#### DATASET SECTION

= Beginning of Section =

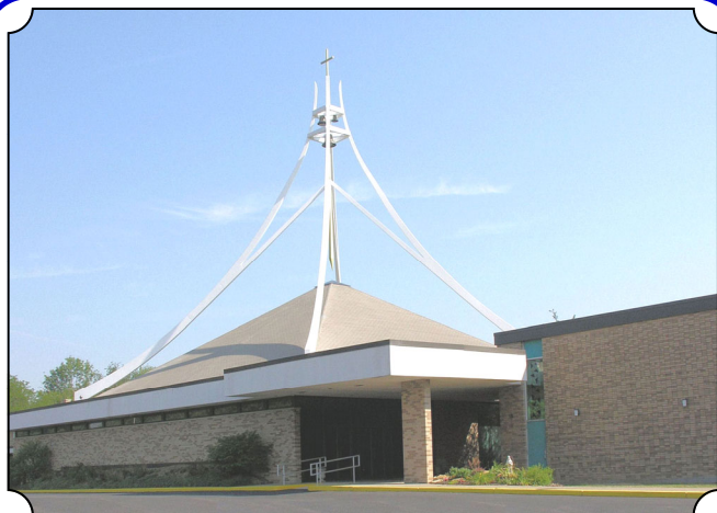
North American Martyrs Church 2526 Haymaker Road • Monroeville, PA • 15146 412-373-0330

Two Churches ~ One Community ~ A Pennsylvania Charitable Trust
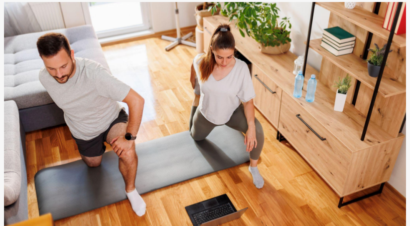
Working out with a loved one

= End of Section =

#### EXERCISE DESCRIPTION
Please transcribe the listing exactly as it stands, but omit its pictures.

#### FINISHED EXERCISE
North American Martyrs Church 2526 Haymaker Road • Monroeville, PA • 15146 412-373-0330

Two Churches ~ One Community ~ A Pennsylvania Charitable Trust
Working out with a loved one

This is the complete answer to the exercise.